Core Concepts
VISA optimizes forward KL-divergence efficiently.
Abstract
The article introduces Variational Inference with Sequential Sample-Average Approximations (VISA) as a method for approximate inference in computationally intensive models. VISA extends importance-weighted forward-KL variational inference by using a sequence of sample-average approximations within a trust region. This allows for the reuse of model evaluations across multiple gradient steps, reducing computational cost. Experiments on high-dimensional Gaussians, Lotka-Volterra dynamics, and Pickover attractor demonstrate that VISA achieves comparable accuracy to standard methods with significant computational savings. The paper also discusses the background of variational inference, reparameterized VI, and importance-weighted forward-KL VI. It presents the algorithm for VISA and its implementation details. The results from experiments on different models show the effectiveness of VISA in achieving convergence with fewer model evaluations compared to traditional methods.
Stats
"VISA can achieve comparable approximation accuracy to standard importance-weighted forward-KL variational inference with computational savings of a factor two or more."

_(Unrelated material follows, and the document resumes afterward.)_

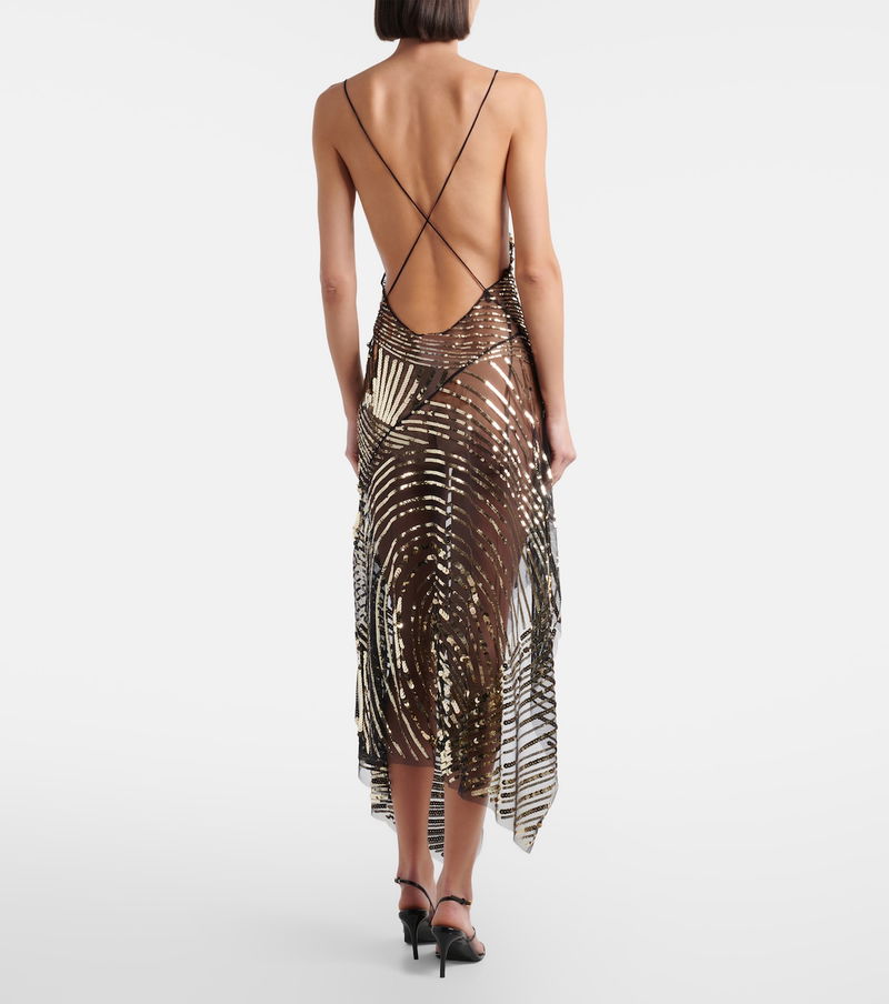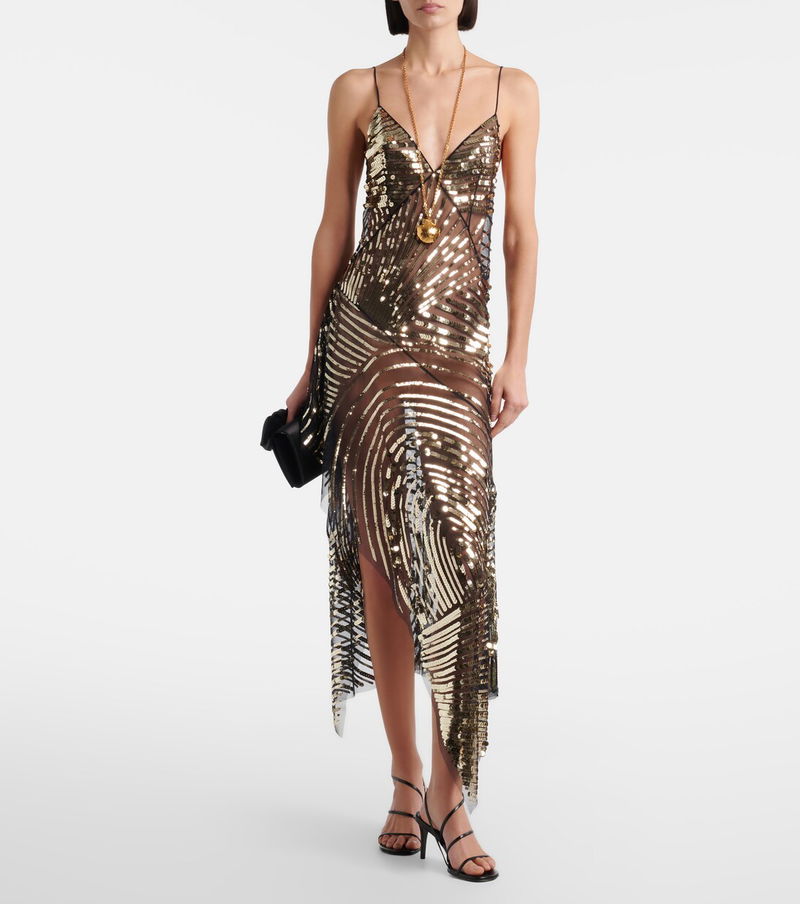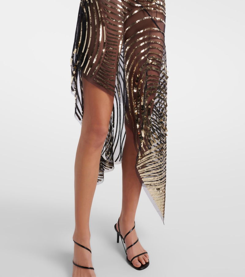 Exude glamour with this slip dress from Pucci. The piece boasts a semi-sheer tulle construction with an asymmetrical hemline, complemented by dazzling all-over sequin embellishments.

"Savings of a factor two or more are realizable with conservatively chosen learning rates."
"VISA requires fewer evaluations per gradient step compared to IWFVI."
Quotes
"VISA can achieve comparable approximation accuracy to standard importance-weighted forward-KL variational inference with computational savings of a factor two or more."
"Savings of a factor two or more are realizable with conservatively chosen learning rates."
"VISA requires fewer evaluations per gradient step compared to IWFVI."